▶ [Exercise aim]
From the line containing "KÄSEFONDUE SET ALPENPANORAMA" to the line containing "Säljer ett par" in the records below, set down every line exactly as it stands, both ends included, and skip the pictures.

▶ [Material supplied]
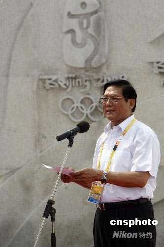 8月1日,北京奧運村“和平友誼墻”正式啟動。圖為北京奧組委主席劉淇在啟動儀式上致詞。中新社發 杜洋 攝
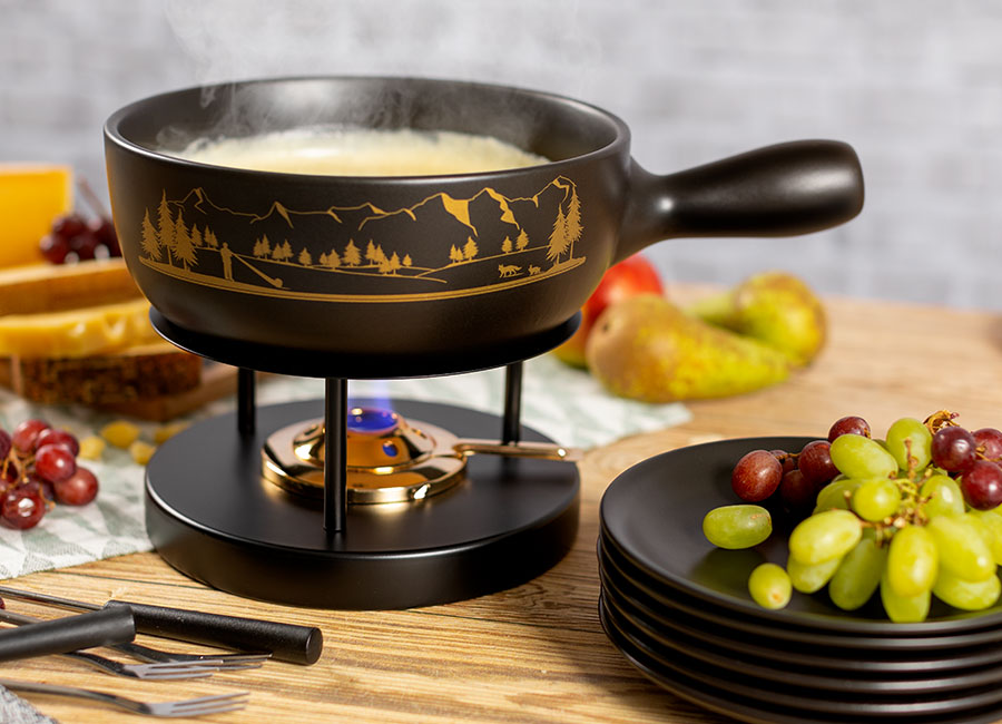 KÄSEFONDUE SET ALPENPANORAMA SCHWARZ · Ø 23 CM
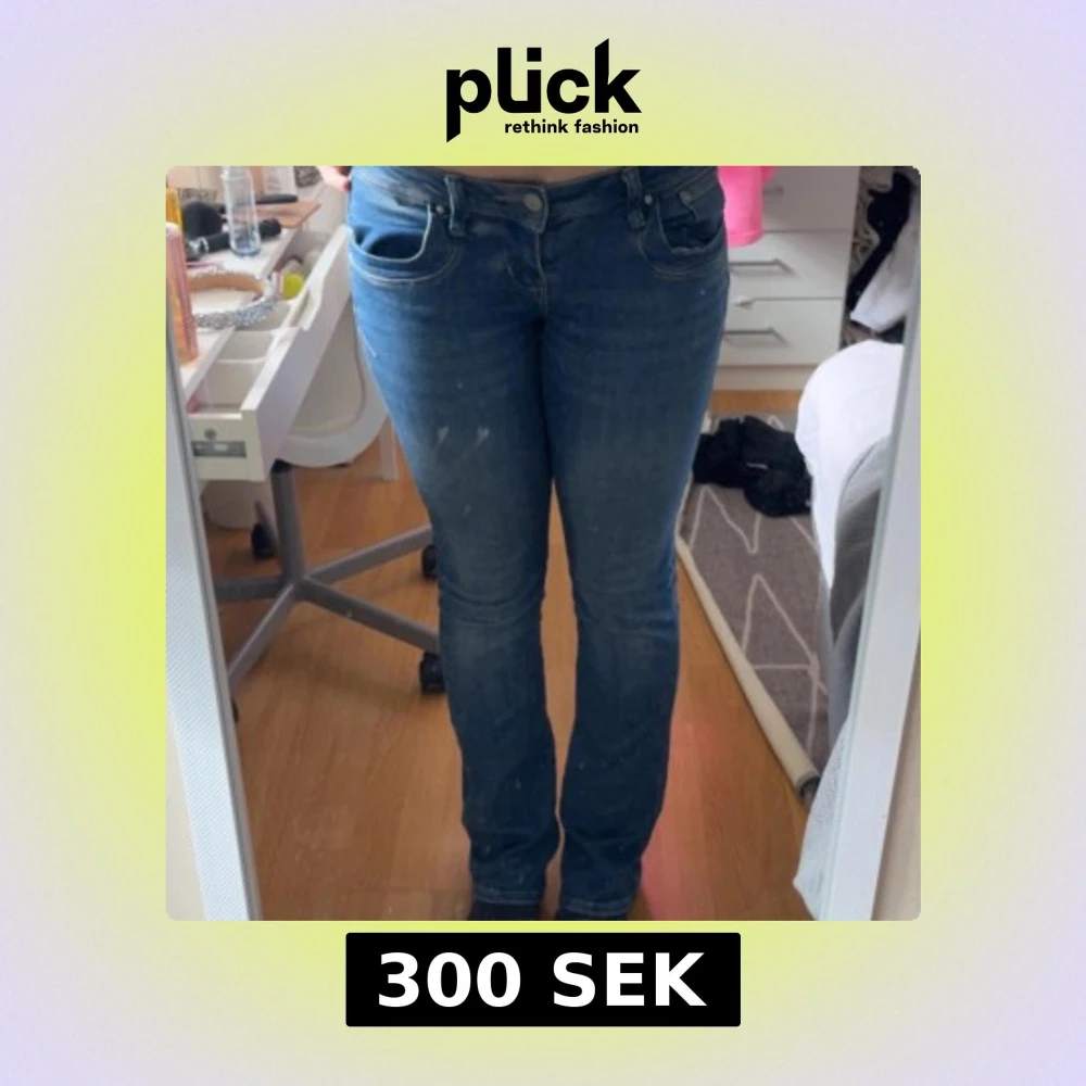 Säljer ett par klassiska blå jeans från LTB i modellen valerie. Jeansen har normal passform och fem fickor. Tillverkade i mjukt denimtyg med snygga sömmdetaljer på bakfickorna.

...

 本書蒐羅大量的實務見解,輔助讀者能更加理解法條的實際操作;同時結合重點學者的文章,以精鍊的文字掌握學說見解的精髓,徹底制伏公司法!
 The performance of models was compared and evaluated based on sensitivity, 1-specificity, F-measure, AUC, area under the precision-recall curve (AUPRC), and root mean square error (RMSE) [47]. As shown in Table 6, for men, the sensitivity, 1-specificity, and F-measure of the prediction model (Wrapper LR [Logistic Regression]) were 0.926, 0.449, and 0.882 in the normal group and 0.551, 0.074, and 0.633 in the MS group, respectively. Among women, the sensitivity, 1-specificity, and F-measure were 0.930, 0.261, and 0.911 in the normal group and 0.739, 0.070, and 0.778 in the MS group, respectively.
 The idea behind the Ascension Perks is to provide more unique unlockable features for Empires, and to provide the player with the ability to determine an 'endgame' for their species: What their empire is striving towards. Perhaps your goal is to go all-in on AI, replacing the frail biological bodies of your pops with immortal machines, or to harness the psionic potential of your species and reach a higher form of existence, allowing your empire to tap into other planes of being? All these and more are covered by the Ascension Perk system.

---

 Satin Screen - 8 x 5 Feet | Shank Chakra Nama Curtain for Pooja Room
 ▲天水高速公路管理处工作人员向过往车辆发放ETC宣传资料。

▶ [Answer box]
 KÄSEFONDUE SET ALPENPANORAMA SCHWARZ · Ø 23 CM
 Säljer ett par klassiska blå jeans från LTB i modellen valerie. Jeansen har normal passform och fem fickor. Tillverkade i mjukt denimtyg med snygga sömmdetaljer på bakfickorna.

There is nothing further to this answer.